=== ENTRIES SUPPLIED ===

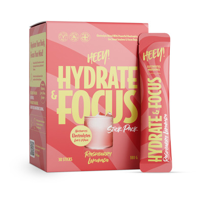 Heey! Hydrate & Focus Electrolytes innehåller även växtextrakt från igelkottsvamp, rosenrot och brahmi, som traditionellt används i kosttillskott. Varje låda innehåller 30 stycken 6g portionsstickor som är lätta att ta med sig och blanda med vatten. Drycken har en frisk smak av hallon och citron, är helt utan tillsatt socker, 100% vegansk och producerad i Sverige.
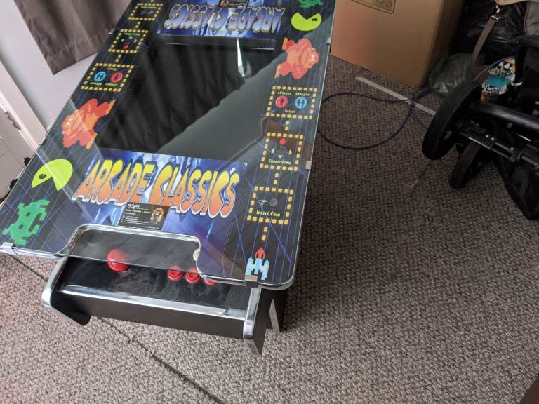 This is a classic arcade game machine with 60 classic games , all your old favourites , 2 person play on nearly all games . The size is 36x23 inches by 38 inches high, any questions please ask . Clearing out must sell
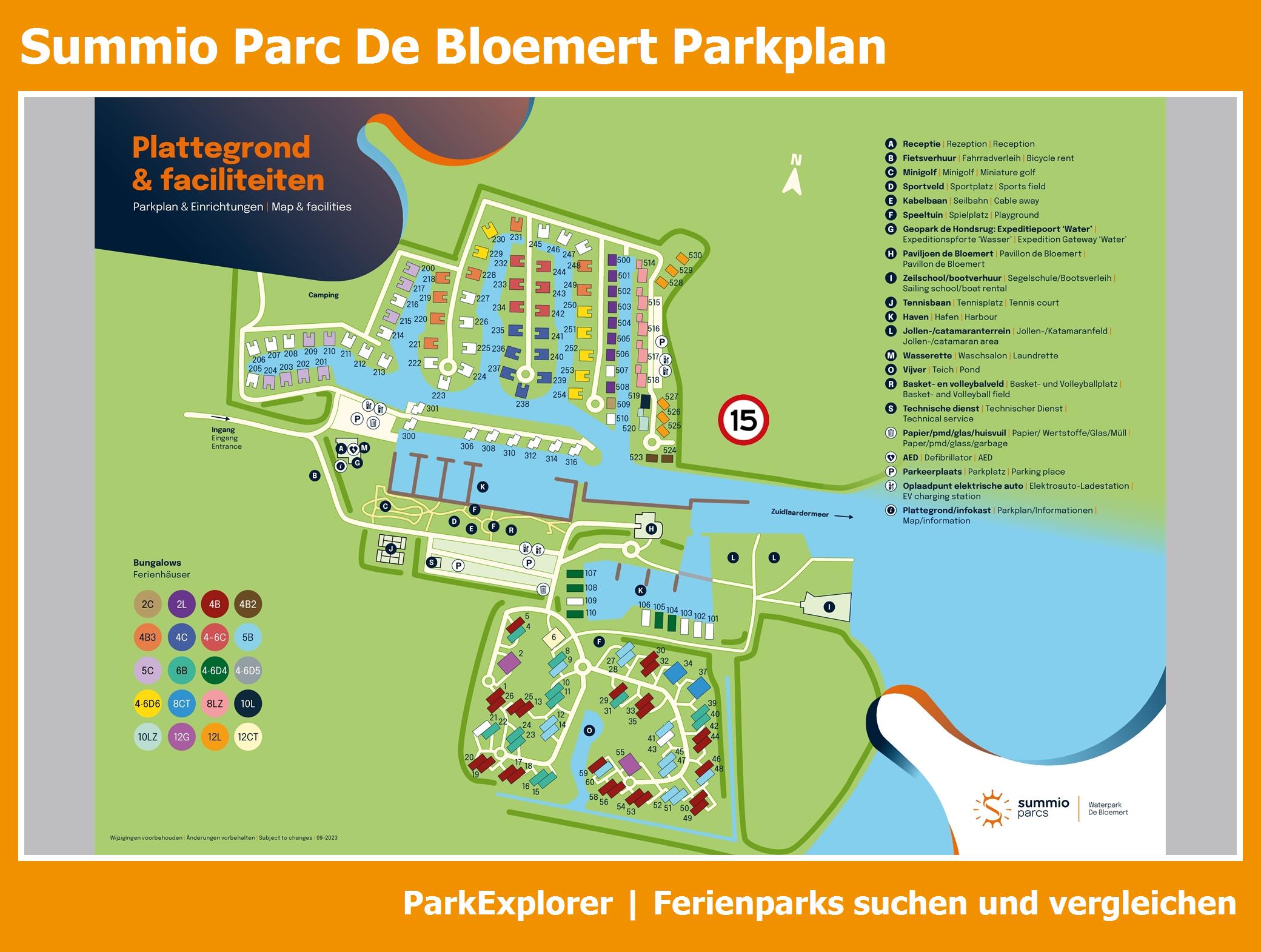 Aktueller und übersichtlicher Parkplan von Summio Parc De Bloemert mit alle Unterkünfte und Einrichtungen, auch als PDF herunterladbar.
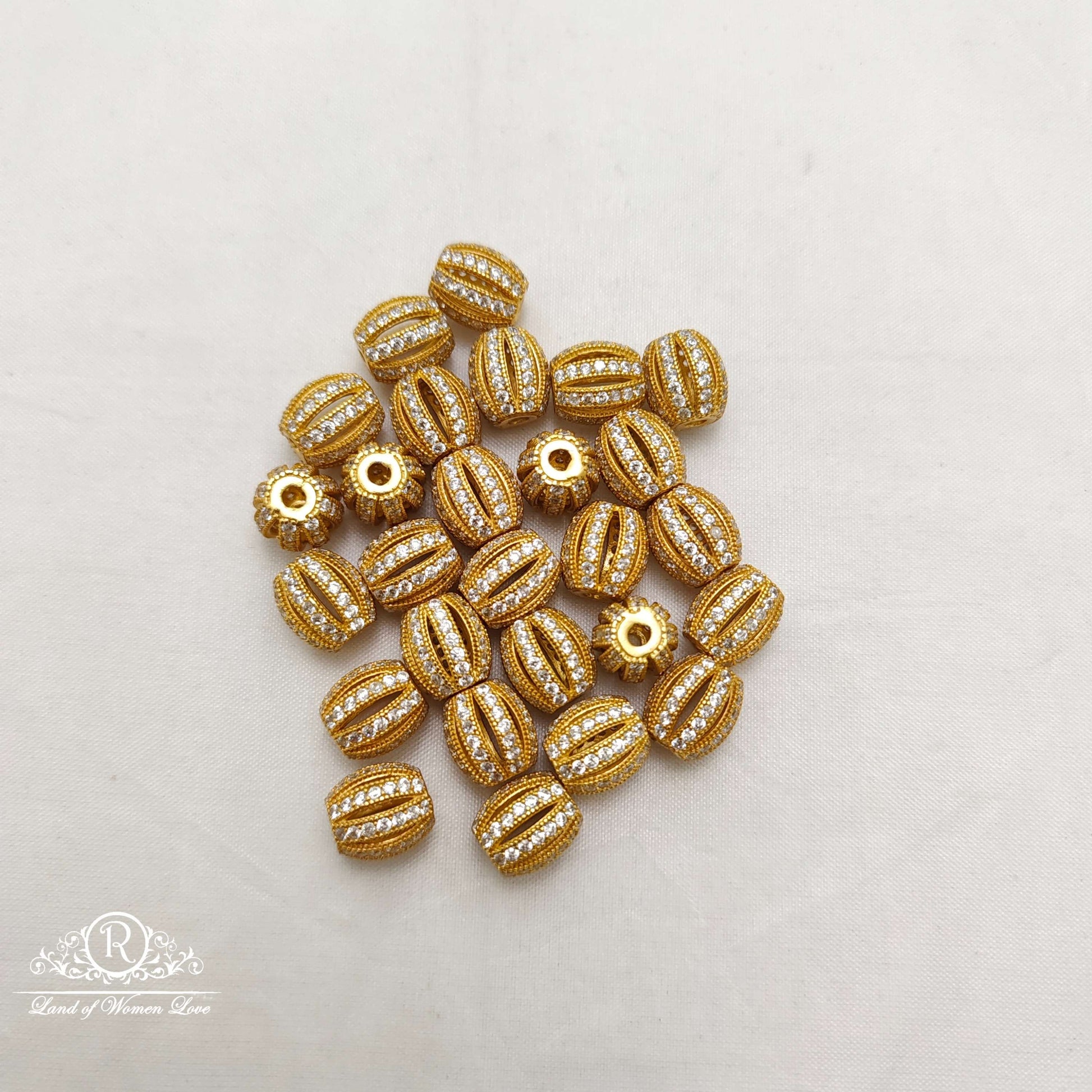 Silver base gold polish Cz stone balls 11*10 mm size balls white stone pumpkin model beads available design by Ramala Collections
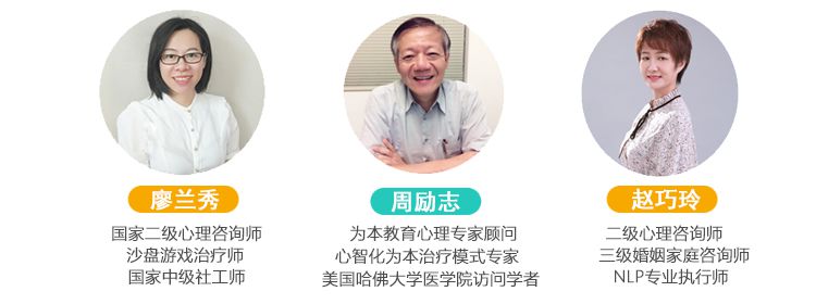 周鈺清為本教研專(zhuān)家導(dǎo)師國(guó)家二級(jí)心理咨詢師美國(guó)NGH催眠治療師中國(guó)心理健康委員會(huì)理事廣東省心理咨詢師協(xié)會(huì)理事個(gè)人簡(jiǎn)介為幼兒園、小學(xué)、初中、高中等不同年齡段家長(zhǎng)舉辦親子溝通講座及沙龍,加強(qiáng)家、校互動(dòng),結(jié)合家長(zhǎng)、學(xué)校共同為孩子的心理成長(zhǎng)獲取更適合的方法;對(duì)特殊兒童、問(wèn)題兒童開(kāi)展個(gè)體、團(tuán)體心理輔導(dǎo);設(shè)計(jì)不同年齡段兒童社交能力、學(xué)習(xí)能力、增強(qiáng)

===

*WHAT YOU WILL DO*.
Please give the records again word for word, omitting all images.

*WORKED SOLUTION*.
 Heey! Hydrate & Focus Electrolytes innehåller även växtextrakt från igelkottsvamp, rosenrot och brahmi, som traditionellt används i kosttillskott. Varje låda innehåller 30 stycken 6g portionsstickor som är lätta att ta med sig och blanda med vatten. Drycken har en frisk smak av hallon och citron, är helt utan tillsatt socker, 100% vegansk och producerad i Sverige.
 This is a classic arcade game machine with 60 classic games , all your old favourites , 2 person play on nearly all games . The size is 36x23 inches by 38 inches high, any questions please ask . Clearing out must sell
 Aktueller und übersichtlicher Parkplan von Summio Parc De Bloemert mit alle Unterkünfte und Einrichtungen, auch als PDF herunterladbar.
 Silver base gold polish Cz stone balls 11*10 mm size balls white stone pumpkin model beads available design by Ramala Collections
 周鈺清為本教研專(zhuān)家導(dǎo)師國(guó)家二級(jí)心理咨詢師美國(guó)NGH催眠治療師中國(guó)心理健康委員會(huì)理事廣東省心理咨詢師協(xié)會(huì)理事個(gè)人簡(jiǎn)介為幼兒園、小學(xué)、初中、高中等不同年齡段家長(zhǎng)舉辦親子溝通講座及沙龍,加強(qiáng)家、校互動(dòng),結(jié)合家長(zhǎng)、學(xué)校共同為孩子的心理成長(zhǎng)獲取更適合的方法;對(duì)特殊兒童、問(wèn)題兒童開(kāi)展個(gè)體、團(tuán)體心理輔導(dǎo);設(shè)計(jì)不同年齡段兒童社交能力、學(xué)習(xí)能力、增強(qiáng)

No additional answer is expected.